А еще позже внезапный смерч, родившийся в глубинах Бермудского треугольника, поднял шар высоко-высоко, а потом снова сбросил его чуть ли не в пучину и долго тащил этот несчастный шар, напрочь обледенелый, так низко, что «круизёр», казалось со стороны, мчится по сверкающей водной глади, ровной, как международное шоссе. А когда на колеса начала наматываться саргассовая поросль, когда на горизонте грозно воздвиглись коралловые рифы и уже казалось, что автокатастрофы не миновать, из мутных глубин навстречу конструкции выпрыгнула меч-рыба и, вращаясь штопором в воздухе, нацелилась протаранить воздушный шар. И несдобровать бы смельчакам… но опять подфартило: ледяной панцирь как раз подтаял под тропическим солнышком, и колеса «круизёра», словно шасси взлетающего самолета, оторвались от гладкой поверхности; пришелица из глубин промахнулась, как и орел до нее – вместо мягкой оболочки шара угодила в струю жарчайшего воздуха, да так и сготовилась там. Вот это были кадры! А какая была вкуснятина! Воздухоплаватели угостили меч-рыбой Сэнди и Венди. Репортеры, сопровождавшие шар внутри больших и маленьких вертолетов в надежде, что хоть что-то отломится, пуще меч-рыбы сгорали от зависти к GNN International, так ловко и своевременно заключившим эксклюзивный контракт.
А еще мог бы Вальд рассказать о не очень страшном, но очень странном событии, случившимся чуть ли не сразу после их с Сидом первого интервью.
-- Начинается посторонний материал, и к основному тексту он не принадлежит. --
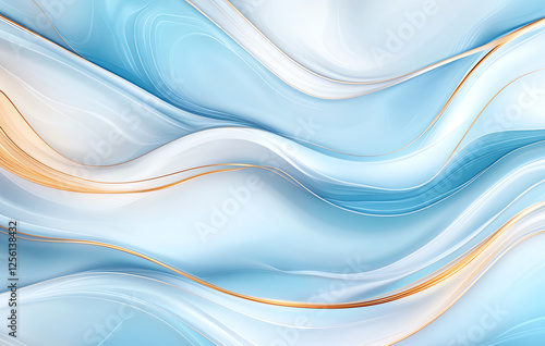 © Tondone, Naklejka premium Abstract blue and gold marble texture background with flowing waves, creating serene and elegant atmosphere. Ideal for design projects and artistic expressions

Мог бы рассказать, но вряд ли стал бы рассказывать, так как событие это было уж до неприличия странным; он и Сиду-то о нем не рассказал. Вальд был настолько озадачен, что первое время и думать не мог ни о чем ином; только шторм, разыгравшийся в тот же день, перебил эти становящиеся уже навязчивыми мысли. После шторма же, в свете вновь обретенного солнышка, недавняя тайна поблекла, перестала волновать; хорошенько еще раз подумавши, Вальд решил, что случившееся просто привиделось ему – ведь, как известно, люди видят только то, что хотят увидеть. И он успокоился – вплоть до того момента, пока не раскрыл в лимузине окно и не увидел в нем… впрочем, все по порядку, иначе неинтересно. Тем более что самое-то необыкновенное испытание было у Вальда еще впереди – случилось оно на восьмой или даже десятый день путешествия, после прямого эфира.
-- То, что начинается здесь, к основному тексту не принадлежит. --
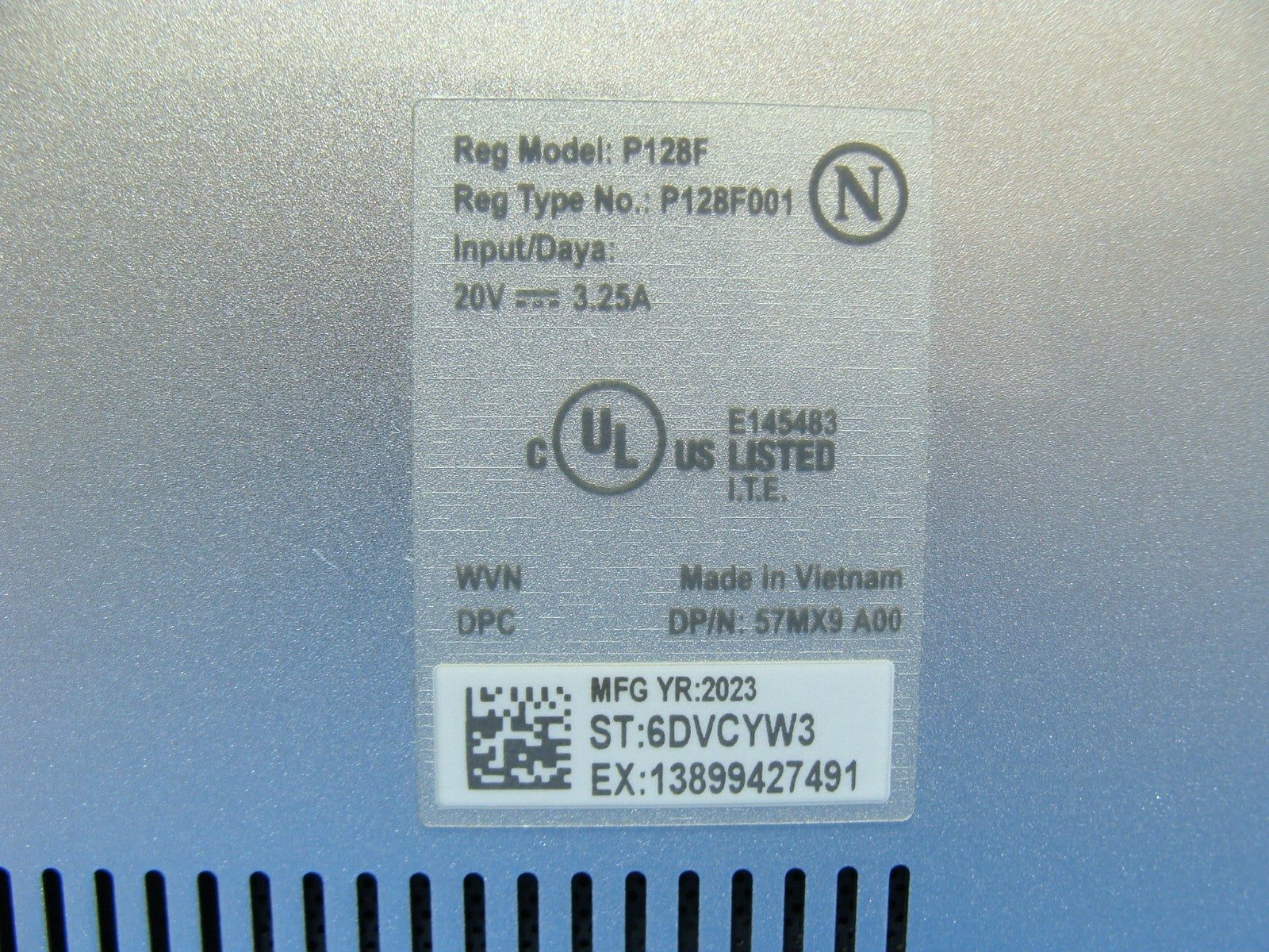 Includes original Dell 65 W power adapter.

Стояла тихая техасская ночь; шар тащился не быстрее полусотни узлов, и Вальд, донельзя утомленный телевизионщиками, вырубился прямо посреди вечерней молитвы. Истинно, Спаситель испытывал его! Проснувшись во тьме со смутным ощущением невыполненного долга, Вальд выглянул наружу и вдруг увидел внизу, совсем рядом, какие-то костры. По его вечерним расчетам, до Невады было еще часов десять, а то и все одиннадцать… и уж если даже он и проспал столько, вокруг должен был стоять белый день. Вальда обуял ужас, больший, чем при встрече с меч-рыбой и даже с гигантским орлом – половина контрактной суммы была под угрозой.
Шар не двигался вообще; более того, он явно снижался. Растерявшись, Вальд не сразу угадал причину такой напасти. Потом он сообразил, что костры внизу прямо указывают на чей-то злой умысел… чей же? Ответ мог быть лишь один: коварные телевизионщики решили таким образом уменьшить свой расход. Небось прицепили к шару какие-нибудь грузы, покамест он спал… Вот она, Божья кара! Вальд разглядел меж костров несколько человеческих фигурок, а на горизонте – ночные огни не очень далекого, совсем не маленького города. Он прислушался, стараясь услыхать какой-нибудь намек об источнике злого умысла. И услышал – тихую команду Сида… и тихий ответ тех, среди костров… Сид – предатель? Сид, кого он назначил первейшим наследником! Вальд не поверил своим ушам.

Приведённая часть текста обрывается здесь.